The maps please, from out there in the sideboard, right under your nose. That's what you've been asking all this time? Am I right, yes or no, Ounooi? There I go carrying in just about the whole yard in here and it's just down the passage in the sitting room where all this time I've forgotten to look.
Butter couldn't melt. Lying without turning a hair. There she stands with the pan in the air, the white cloth over the arm.
Yes, Agaat, you're right. So put the ridges under my arse instead of your holy of holiest pan. From Bot River to Heidelberg, the municipalities, the districts, the regions. Unroll it under me, keep the edges together, and watch me make a sewerage farm out of them. And if the local is too lowly for you, bring the seven continents so that I can shit them into oblivion for you one by one. What does it matter in any case?

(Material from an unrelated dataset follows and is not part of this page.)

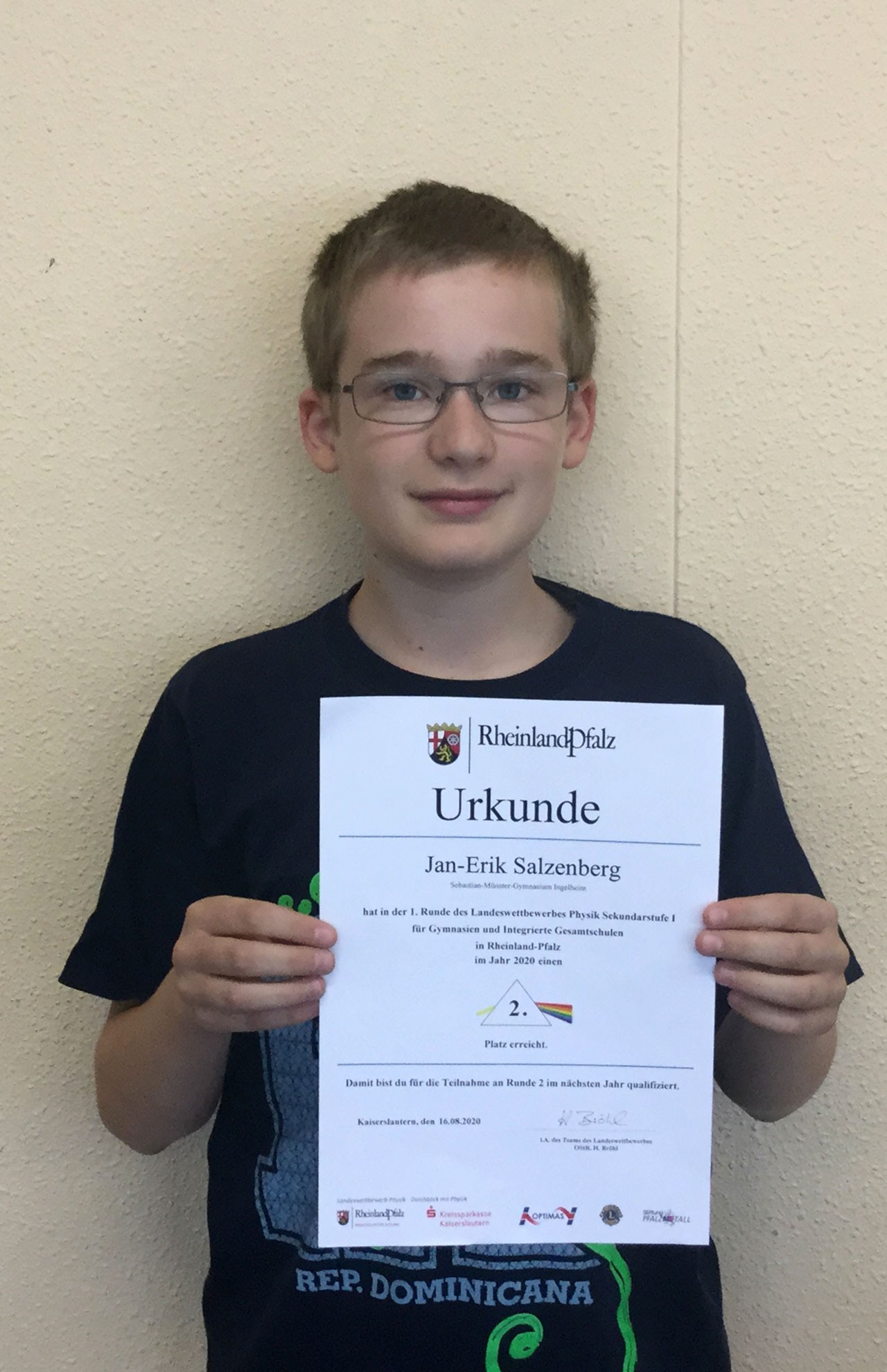 Jan-Erik Salzenberg war dabei so erfolgreich, dass er einen zweiten Platz belegen konnte und sich somit für die 2. Runde im neuen Schuljahr qualifiziert hat. Die Physikfachschaft gratuliert dem Nachwuchsphysiker herzlich!

Fold the water map into a little boat, set the contour map for a sail. Caulk the holds with pulp from Grootmoedersdrift. Then I sail away on my last voyage in it.
Up to my chin in shit.
Once and for ever put in my place.
Would that satisfy you?
Hey hey hey! Convulsion-kick! The animal's just about had it but it's the kick that hurts most!
Keep your damned pan then. Stick it up your own arse. Rather give me the Republic and its provinces, the whole South, then I'll darken for you the Light of the Word that the Dutch supposedly brought here on the Dromedaris. You're excellent proof of what a bad idea it was. Your name may be holy, but your soul, Agaat, is at times as black as the hearth out of which you crawled. Don't you have any mercy? Have you now decided it's time for me to paddle-paddle through shit to the underworld? Time for those who came to play God the Creator over you? Have you now decided there's no remedying this confusion and this gibberish? Well, be comforted. The last trump is being sounded.
Here it comes. Here I lie, I can do no other. Covered whiter than snow or not.
Don't carry on so, Ounooi. You're not a child, good heavens!
Just in time. The enamel is cold under my buttocks.
She pinches her nose with one hand, pulls over the sheet with the other. Oh say can you hear, she says on a bated breath, the thunder almighty?
She picks at the little pink bows. Zirrts, the maps roll open. All along the picture rail, two full walls.
Zirrts, zirrts, zirrts, she says, as she unties them. Prrts, prrts, prrts, she mimics the sounds emanating from me. O'er the veld it comes wafting wide, she says.
She gestures with wide-open arms at the exhibition. Everything is there, even the house plans and the schemes for the landscaping of the garden. Graphs, tables, indexes.